PROMPT: Set out exactly every line of the entries below, starting at the line that holds "今日の給食は、『麦ごはん、パ" and stopping after the line that holds "Prada's top effortlessly".

PROVIDED DATA:
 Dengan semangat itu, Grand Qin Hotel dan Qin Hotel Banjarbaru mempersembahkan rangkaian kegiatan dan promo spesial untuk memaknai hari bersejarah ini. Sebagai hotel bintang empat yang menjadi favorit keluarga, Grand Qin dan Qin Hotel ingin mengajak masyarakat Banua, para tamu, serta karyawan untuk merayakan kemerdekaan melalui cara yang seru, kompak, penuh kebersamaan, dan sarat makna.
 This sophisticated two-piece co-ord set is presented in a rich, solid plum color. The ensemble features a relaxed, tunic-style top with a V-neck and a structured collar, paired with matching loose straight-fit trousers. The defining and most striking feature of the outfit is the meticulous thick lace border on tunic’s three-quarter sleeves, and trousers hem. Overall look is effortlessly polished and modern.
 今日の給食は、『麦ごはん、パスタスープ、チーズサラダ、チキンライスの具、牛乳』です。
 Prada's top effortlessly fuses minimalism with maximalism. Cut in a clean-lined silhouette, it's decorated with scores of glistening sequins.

...

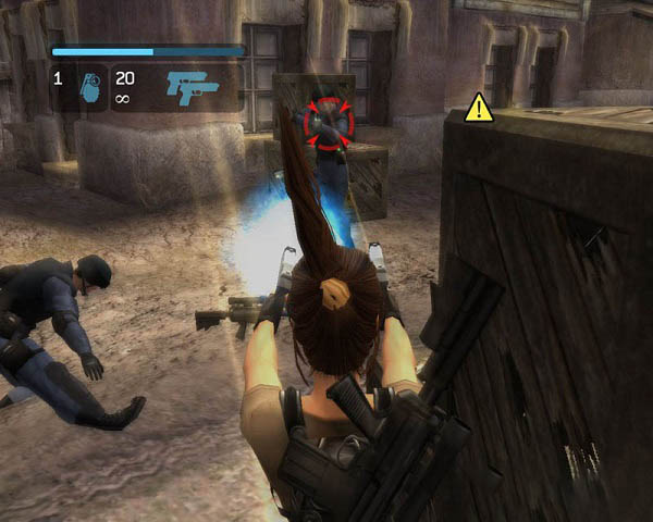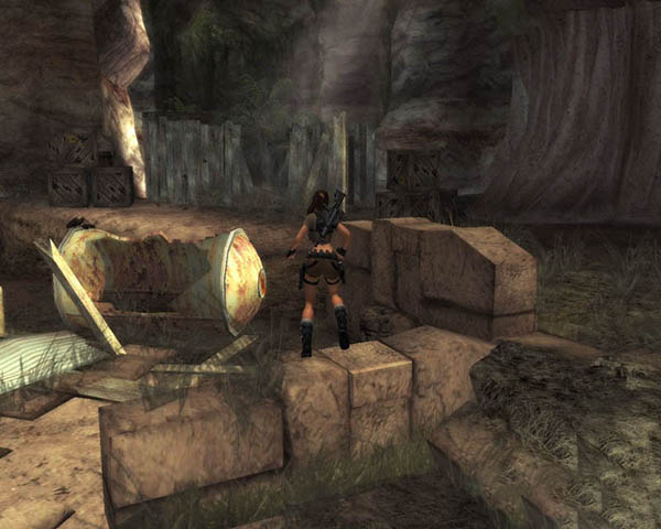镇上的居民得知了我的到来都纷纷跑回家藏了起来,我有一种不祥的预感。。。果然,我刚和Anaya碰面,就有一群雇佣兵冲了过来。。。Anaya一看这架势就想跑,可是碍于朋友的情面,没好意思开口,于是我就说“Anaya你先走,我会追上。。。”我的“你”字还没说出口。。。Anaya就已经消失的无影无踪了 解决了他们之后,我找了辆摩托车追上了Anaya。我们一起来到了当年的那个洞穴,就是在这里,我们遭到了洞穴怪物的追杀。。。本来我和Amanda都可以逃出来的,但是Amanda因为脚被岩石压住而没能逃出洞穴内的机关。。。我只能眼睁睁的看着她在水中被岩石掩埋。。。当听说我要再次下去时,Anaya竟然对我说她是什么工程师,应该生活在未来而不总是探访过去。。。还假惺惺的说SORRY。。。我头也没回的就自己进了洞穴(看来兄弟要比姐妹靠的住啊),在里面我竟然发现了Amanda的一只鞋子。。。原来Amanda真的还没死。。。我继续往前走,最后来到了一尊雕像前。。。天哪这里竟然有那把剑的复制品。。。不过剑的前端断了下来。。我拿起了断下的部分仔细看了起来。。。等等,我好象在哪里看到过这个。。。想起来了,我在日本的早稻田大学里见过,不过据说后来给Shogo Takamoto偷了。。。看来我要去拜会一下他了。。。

--

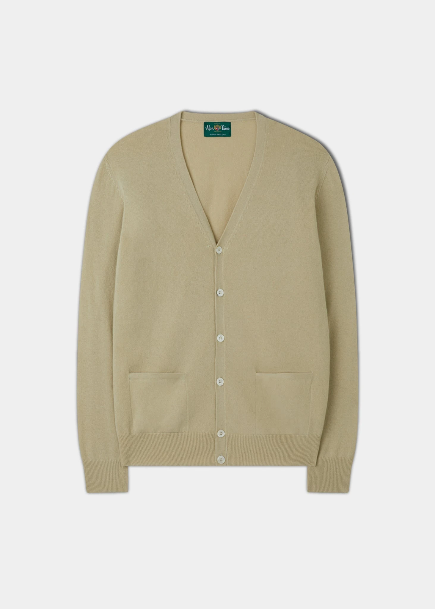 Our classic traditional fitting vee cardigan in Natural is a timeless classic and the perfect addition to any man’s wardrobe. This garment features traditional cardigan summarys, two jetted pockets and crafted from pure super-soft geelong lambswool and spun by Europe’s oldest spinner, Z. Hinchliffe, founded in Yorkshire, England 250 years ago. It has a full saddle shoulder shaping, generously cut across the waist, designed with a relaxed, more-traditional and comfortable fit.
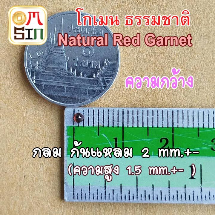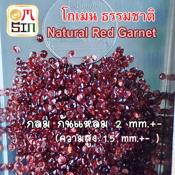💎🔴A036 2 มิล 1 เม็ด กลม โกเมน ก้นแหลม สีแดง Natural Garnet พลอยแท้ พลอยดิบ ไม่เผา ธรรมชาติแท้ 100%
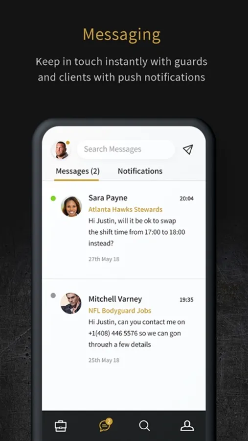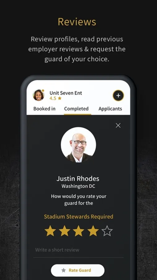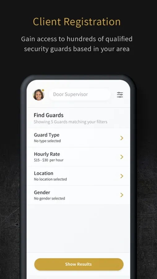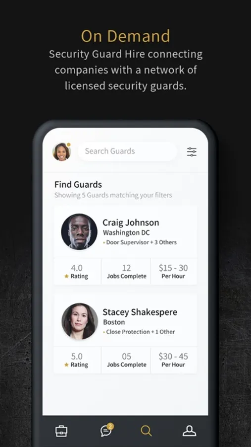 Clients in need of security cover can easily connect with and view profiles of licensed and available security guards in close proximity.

RESPONSE AREA:
 今日の給食は、『麦ごはん、パスタスープ、チーズサラダ、チキンライスの具、牛乳』です。
 Prada's top effortlessly fuses minimalism with maximalism. Cut in a clean-lined silhouette, it's decorated with scores of glistening sequins.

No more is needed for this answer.